> Your goal:
Starting from the line with "2月26日,在美國洛杉磯好萊" and going up to and including the line with "The sacque has", copy the listing below exactly. Leave all images out.

> Data section:
.....
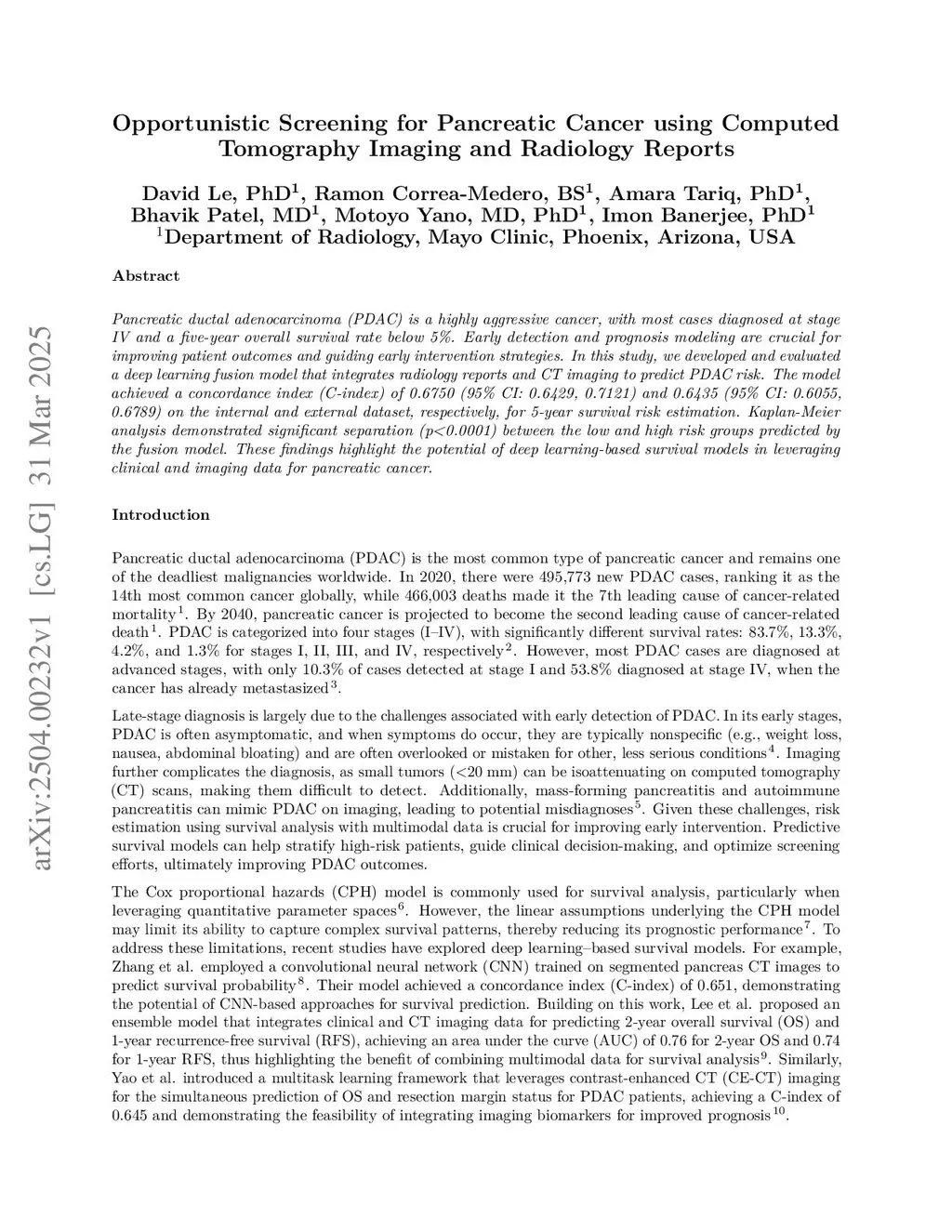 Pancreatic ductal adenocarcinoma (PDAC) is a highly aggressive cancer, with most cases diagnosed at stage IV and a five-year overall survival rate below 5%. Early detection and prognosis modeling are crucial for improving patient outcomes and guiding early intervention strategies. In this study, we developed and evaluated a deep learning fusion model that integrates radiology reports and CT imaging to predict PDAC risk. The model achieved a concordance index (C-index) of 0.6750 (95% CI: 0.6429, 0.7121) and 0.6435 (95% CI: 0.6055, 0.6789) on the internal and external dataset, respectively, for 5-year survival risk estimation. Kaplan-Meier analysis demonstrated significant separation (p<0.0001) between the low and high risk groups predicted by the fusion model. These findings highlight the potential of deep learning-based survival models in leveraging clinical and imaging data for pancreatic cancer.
.....
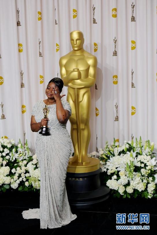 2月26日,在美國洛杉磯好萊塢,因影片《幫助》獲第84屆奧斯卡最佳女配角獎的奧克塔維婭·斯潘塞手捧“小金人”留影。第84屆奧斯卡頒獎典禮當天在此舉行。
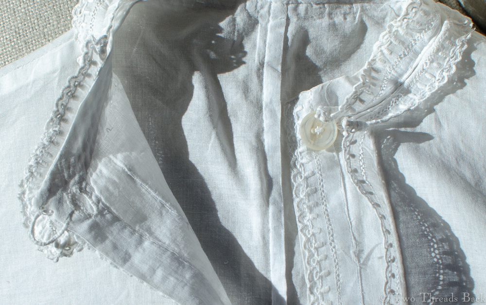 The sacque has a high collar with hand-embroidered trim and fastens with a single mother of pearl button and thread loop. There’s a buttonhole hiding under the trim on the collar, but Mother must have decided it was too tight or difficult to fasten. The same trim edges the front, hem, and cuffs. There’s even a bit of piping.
.....
> Response to the exercise:
 2月26日,在美國洛杉磯好萊塢,因影片《幫助》獲第84屆奧斯卡最佳女配角獎的奧克塔維婭·斯潘塞手捧“小金人”留影。第84屆奧斯卡頒獎典禮當天在此舉行。
 The sacque has a high collar with hand-embroidered trim and fastens with a single mother of pearl button and thread loop. There’s a buttonhole hiding under the trim on the collar, but Mother must have decided it was too tight or difficult to fasten. The same trim edges the front, hem, and cuffs. There’s even a bit of piping.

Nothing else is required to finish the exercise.